Taking into account their four children, Bodhi 12, Charlee 11, Xan 10 and Jedda 3, you may be forgiven for wondering how everything fits, yet there are wide open spaces and cosy nooks for privacy rubbing up against each other with ease.

Steve worked on a lot of the renovation himself, after hours and on weekends, tackling everything from painting and fencing to roofing and insulating the home. “We lived in a bit of a jumble for a while; we even cooked eggs in the bathroom at one stage,” he says.

The couple used all local tradesmen and had nothing but praise for their cabinetmaker Leigh Morris of MBM Designs, Kyabram, who bought into the vision, and produced solutions for ensuring the new kitchen cabinetry worked flush with the uneven original floorboards.

Steve and Lisa were industrious in using recycled and existing house materials where possible – the pool cabana is the remodelled veranda that used to sit on the north of the house.

Both say going owner builder for a project like this is not for the faint-hearted, but the money saved allowed them to pay for the in-ground pool – a big decision for Lisa. “I wrestled with the pool, because I know they are inefficient beasts, but it was a lifestyle choice for the kids and their friends,” she says. “We do have solar heating for the pool, but because even then you need a pump that guzzles energy, we don’t use it much. We are just very diligent with the pool blanket that traps heat and prevents evaporation.”

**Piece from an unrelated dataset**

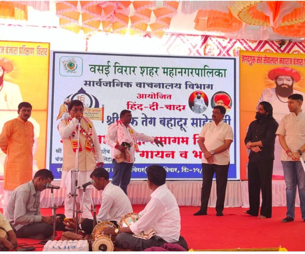 इसी तरह, 15 फरवरी को, वसई विरार सिटी म्युनिसिपल कॉर्पोरेशन पब्लिक लाइब्रेरी डिपार्टमेंट द्वारा बंजारा समाज मनवेलपाड़ा के साथ मिलकर श्री गुरु तेग बहादुर साहिबजी और बंजारा समाज के बीच ऐतिहासिक रिश्ते पर एक गायन और भजन प्रोग्राम आयोजित किया गया था। इस प्रोग्राम में वसई विरार सिटी म्युनिसिपल कॉर्पोरेशन के माननीय मेयर श्री अजीव पाटिल मौजूद थे। म्युनिसिपल कॉर्पोरेशन के कई गायक और कर्मचारी भी मौजूद थे।

A 100,000 litre rainwater tank is one of the home’s clever green features, while Lisa’s imported windmill, purely for looks, towers over the tank ensuring the authenticity of the old farmhouse is maintained.

Steve pays a lot of attention the rambling garden around the home, but credits the previous owners with its beauty. An east-west-facing pergola shrouded in deciduous grapevine provides shade in the hot months, and new eaves over the north-facing windows protect the home in summer while still allowing sunlight to penetrate in winter.

The combined result is a stunning family home that pays its dues to energy efficiency without compromising on style.